## WHAT NEEDS TO BE DONE
What's needed is the listing below, repeated word for word with no pictures.

## DATASET CONTENT
────────────────
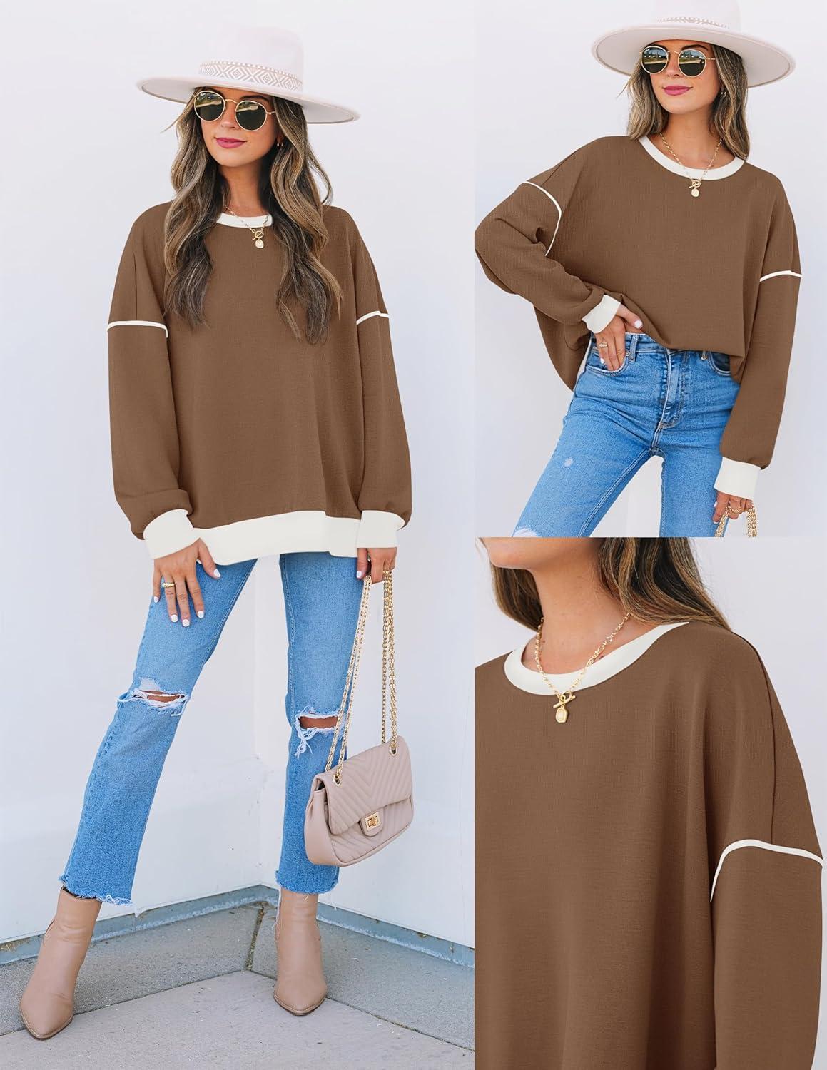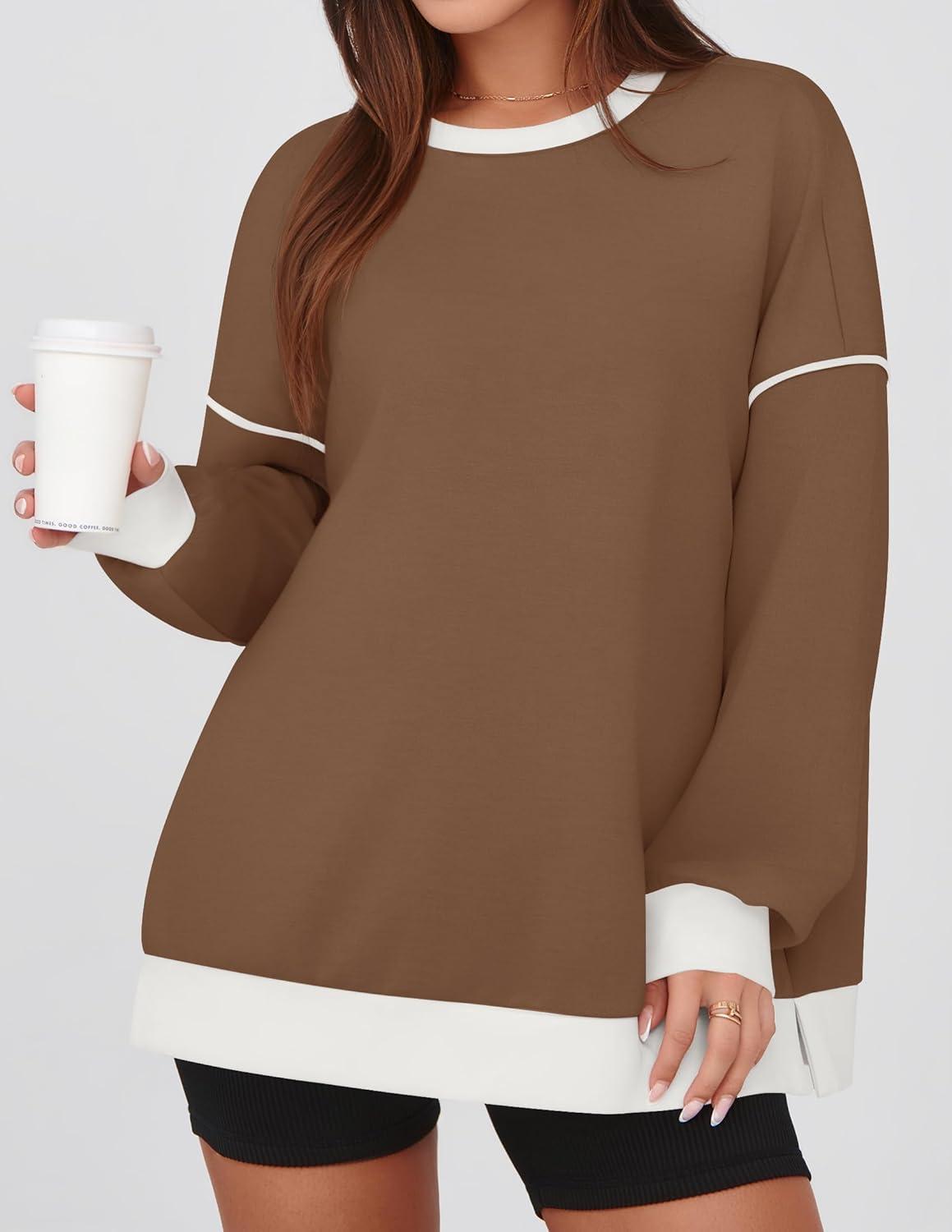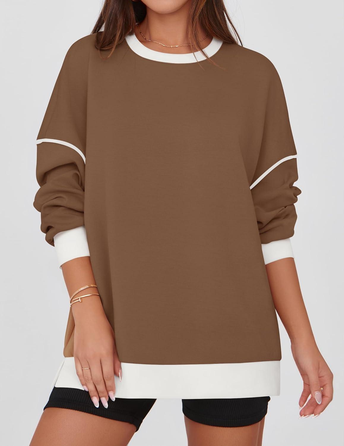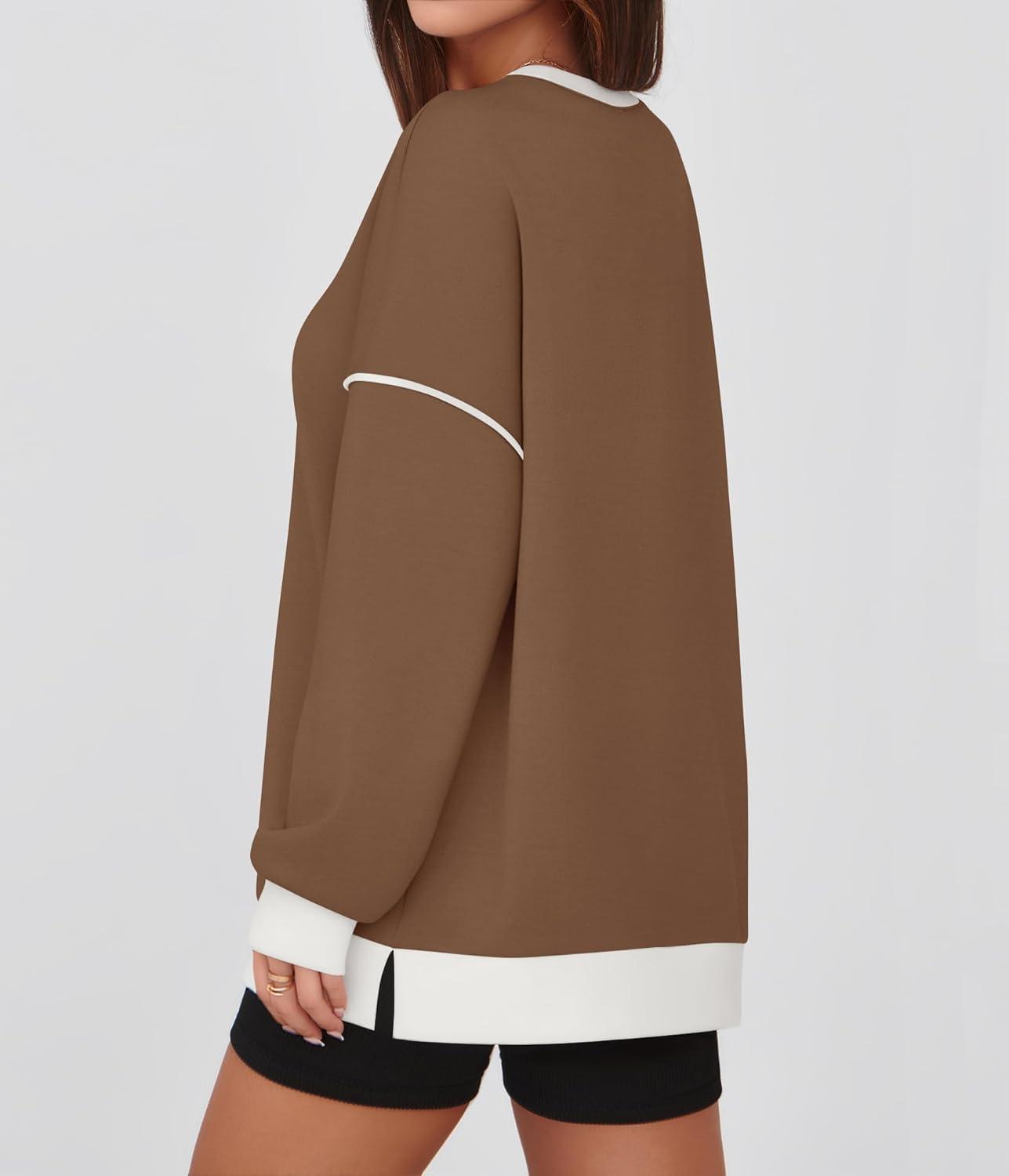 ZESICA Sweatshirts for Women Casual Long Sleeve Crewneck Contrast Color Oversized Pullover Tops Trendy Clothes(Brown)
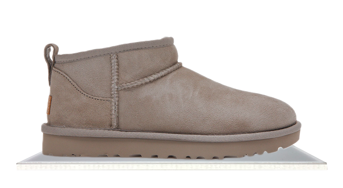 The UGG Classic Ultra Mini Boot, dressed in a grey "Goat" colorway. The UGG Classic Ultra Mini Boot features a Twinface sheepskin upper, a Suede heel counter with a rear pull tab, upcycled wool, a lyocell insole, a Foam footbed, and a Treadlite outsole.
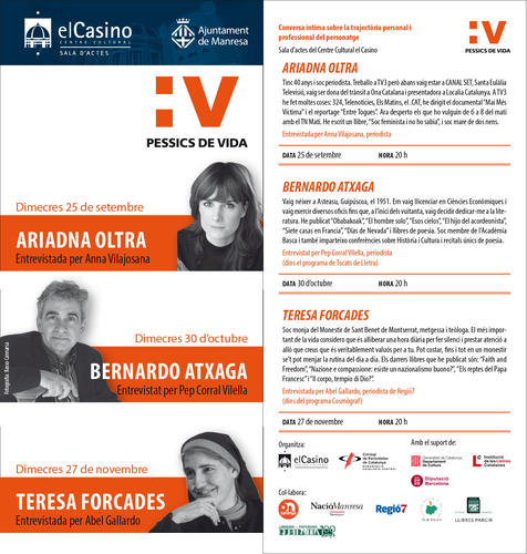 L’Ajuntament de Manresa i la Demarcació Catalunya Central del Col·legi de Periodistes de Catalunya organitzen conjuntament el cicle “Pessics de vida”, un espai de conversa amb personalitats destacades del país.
────────────────
## ANSWER SPACE
 ZESICA Sweatshirts for Women Casual Long Sleeve Crewneck Contrast Color Oversized Pullover Tops Trendy Clothes(Brown)
 The UGG Classic Ultra Mini Boot, dressed in a grey "Goat" colorway. The UGG Classic Ultra Mini Boot features a Twinface sheepskin upper, a Suede heel counter with a rear pull tab, upcycled wool, a lyocell insole, a Foam footbed, and a Treadlite outsole.
 L’Ajuntament de Manresa i la Demarcació Catalunya Central del Col·legi de Periodistes de Catalunya organitzen conjuntament el cicle “Pessics de vida”, un espai de conversa amb personalitats destacades del país.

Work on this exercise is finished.